Archived link: https://archive.ph/Vjl1M
Here’s a nice little distraction from your workday: Head to Google, type in any made-up phrase, add the word “meaning,” and search. Behold! Google’s AI Overviews will not only confirm that your gibberish is a real saying, it will also tell you what it means and how it was derived.
This is genuinely fun, and you can find lots of examples on social media. In the world of AI Overviews, “a loose dog won’t surf” is “a playful way of saying that something is not likely to happen or that something is not going to work out.” The invented phrase “wired is as wired does” is an idiom that means “someone’s behavior or characteristics are a direct result of their inherent nature or ‘wiring,’ much like a computer’s function is determined by its physical connections.”
It all sounds perfectly plausible, delivered with unwavering confidence. Google even provides reference links in some cases, giving the response an added sheen of authority. It’s also wrong, at least in the sense that the overview creates the impression that these are common phrases and not a bunch of random words thrown together. And while it’s silly that AI Overviews thinks “never throw a poodle at a pig” is a proverb with a biblical derivation, it’s also a tidy encapsulation of where generative AI still falls short.


Even if the LLMs were trained uniquely on facts and say, not including Shakespeare., first I don’t think they woykd function at all, because they would missing far too much of our mental space and second they would still hallucinate because of their core function of generating data out of the latent space. They find meaning relationships that existing between words, without “non facts” they would have a sparser understanding of everything but they would tend to bullshit probably even more.
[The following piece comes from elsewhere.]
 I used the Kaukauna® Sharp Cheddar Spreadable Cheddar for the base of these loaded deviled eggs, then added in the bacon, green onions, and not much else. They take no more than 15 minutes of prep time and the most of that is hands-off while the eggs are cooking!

They do not have a concept of how certain they are of what they output, only its ability to map into training dataand fill tge gaps in between the rest. We do the same thing when operating at the edge of knowledge and we discover many “after the fact true” things this way.
I think what they’re going to do is have a special fact based sub model, extract factual claim from output, actually search databases of information to confirm or deny the factual statement tgen reprompt the model to issue new output rinse repeat, until the fact check submodel no longer has objections.
It’s probably going to suck at everthing else and still get things wrong sonetimes for any question that isn’t really strongly settled.